THE DIGITAL REPOSITORY FOR THE BLACK EXPERIENCE
Journalist Robin D. Stone was born in Detroit, Michigan in 1964. Her mother, Ora L. Hughes, worked for the U.S. Postal Service in Detroit. Her father, Lawrence R. Stone, was a building contractor. Stone graduated from Michigan State University with her B.A. degree in journalism in 1986. She is completing her M.A. degree in health arts and sciences at Goddard College in Vermont.

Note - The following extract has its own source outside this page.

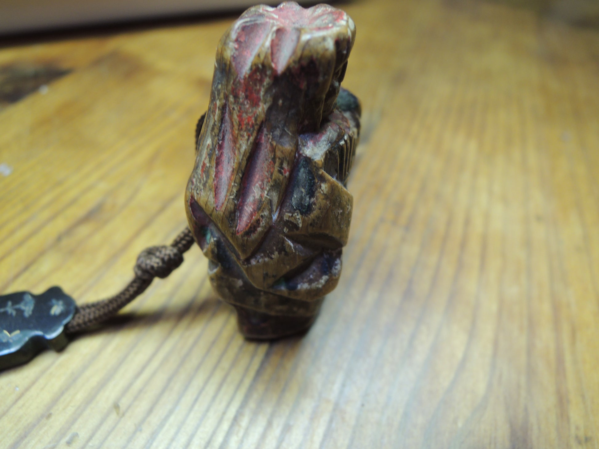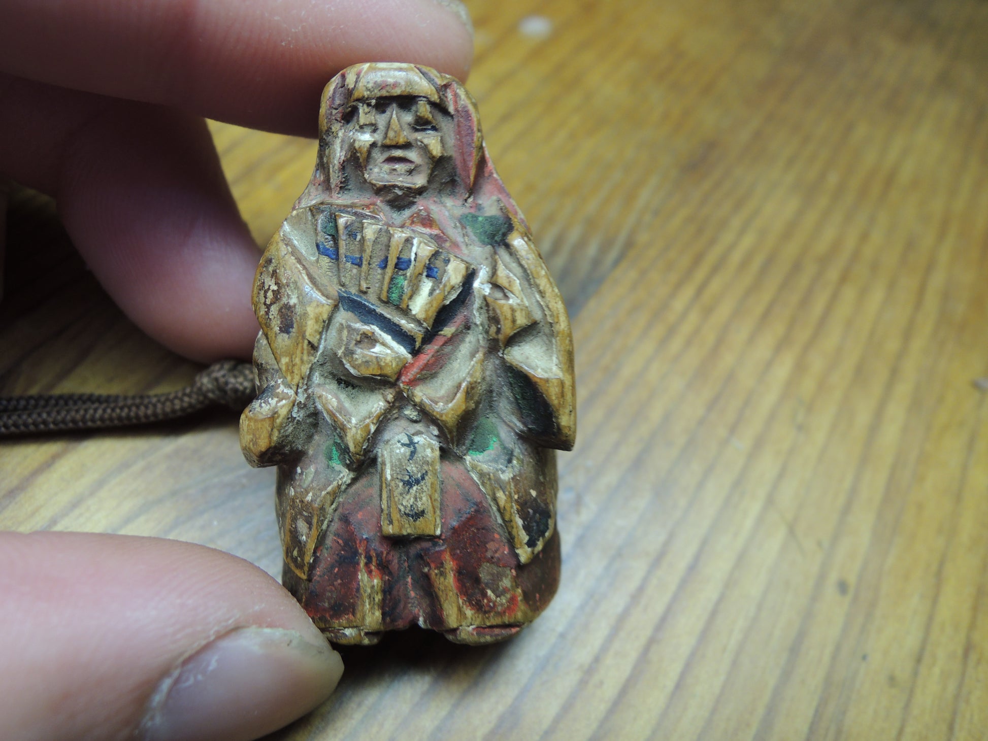 It also comes with a carved wooden netsuke, which seems to be based on the motif of a Nogaku actor.

Stone first worked as a copy editor for The Oakland Press and the Detroit Free Press. She then served as layout-makeup/slot editor at The Boston Globe for one year, and then as a copy editor for The New York Times from 1990 to 1993. After briefly serving as special projects editor for Family Circle Magazine, Stone was named deputy living editor at The New York Times in 1994. As deputy living editor, she was integral in developing the prototype for the paper’s current Dining In/Dining Out section. In 1997, Stone joined Essence magazine, where she was first hired as a senior editor and eventually promoted to executive editor. Under her stewardship, the magazine earned awards from Folio, the National Association of Black Journalists, the New York Association of Black Journalists, and the Congressional Black Caucus, among other organizations. Stone became founding editor-in-chief of Essence.com in 2000, and, from 2005 to 2007, she served as deputy editor at Health magazine. After leaving Health in 2007, Stone worked as a freelance writer and editor, focusing primarily on issues related to health, parenting, and families. Her thesis work explores Black women, body image, weight, and self-care in the face of racism, sexism and other stressors.

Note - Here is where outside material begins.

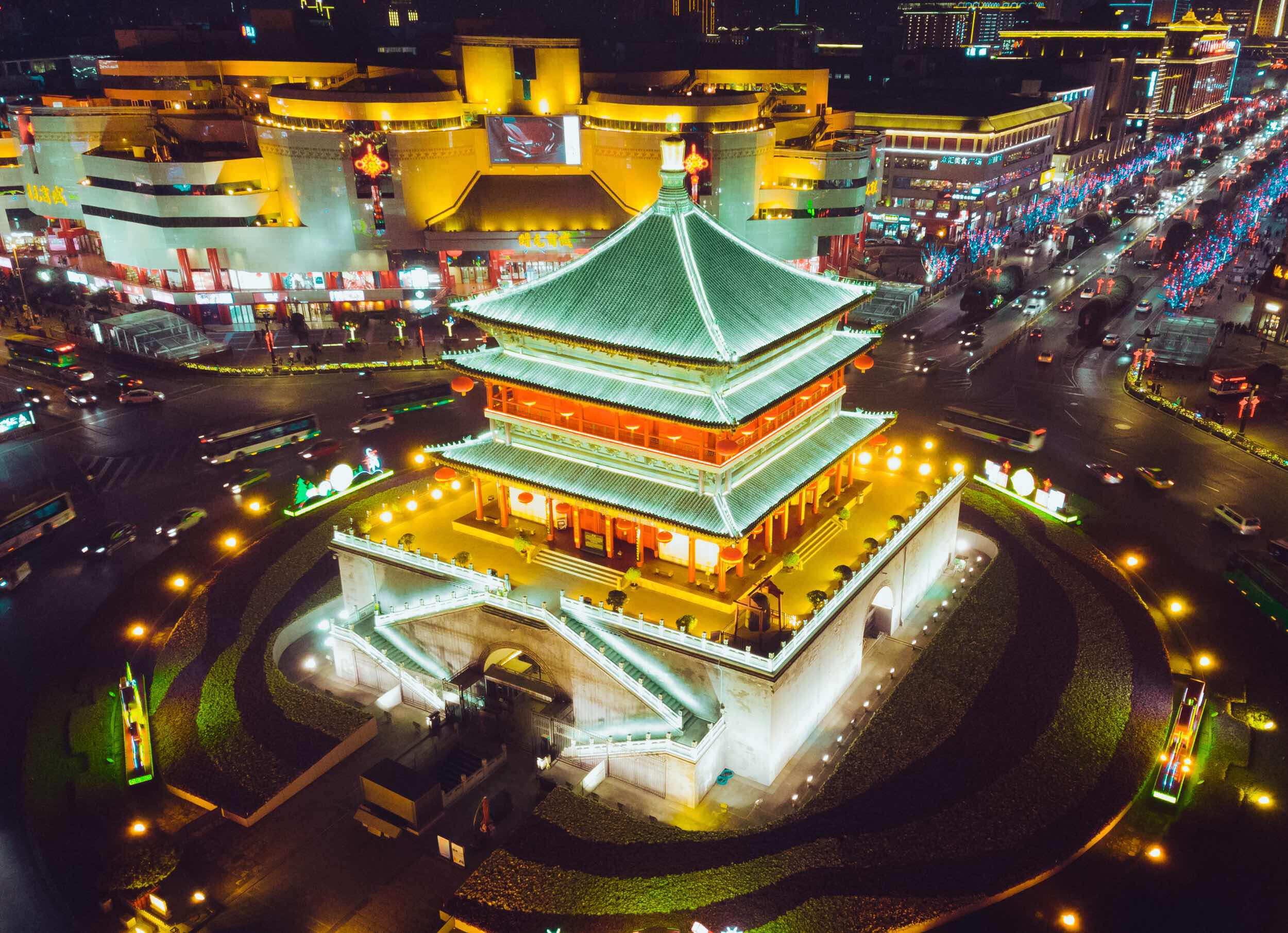 Al finalizar el trayecto de 4.5 a 5 horas en tren desde Beijing y después de registrarse en el hotel,el momento perfecto para sumergirse en la atmósfera de Xi'an es visitar este famoso paseo nocturno.

Stone is the author of No Secrets, No Lies: How Black Families Can Heal from Sexual Abuse, which was published in 2004. She also edited and contributed the afterword to My Times in Black and White: Race and Power at the New York Times, the memoir by her late husband, Gerald M. Boyd, who was former managing editor of The New York Times. Stone’s writing has appeared in The New York Times, Essence magazine, Glamour magazine, The Boston Globe, and other publications.
From 2002 to 2003, Stone was a Kaiser Media Fellow, where she researched and reported on sexual abuse in Black families and other health issues. She has taught magazine editing and production at New York University, and advanced reporting at the City College of New York. She is a board member of Greenhope Services for Women, a residential drug treatment center for formerly incarcerated women, and a New York Alumnae member of Delta Sigma Theta Sorority, Inc. Stone served as vice-president/print for the National Association of Black Journalists (NABJ), and as president of NABJ's New York chapter. Her career and contributions to journalism garnered her an Outstanding Alumni Award from her alma mater, Michigan State University, in 2004.
Stone and her fiance, Rodney Pope, live in New York, New York. She has a teenage son, Zachary Boyd.
Robin Stone was interviewed by The HistoryMakers on October 6, 2014.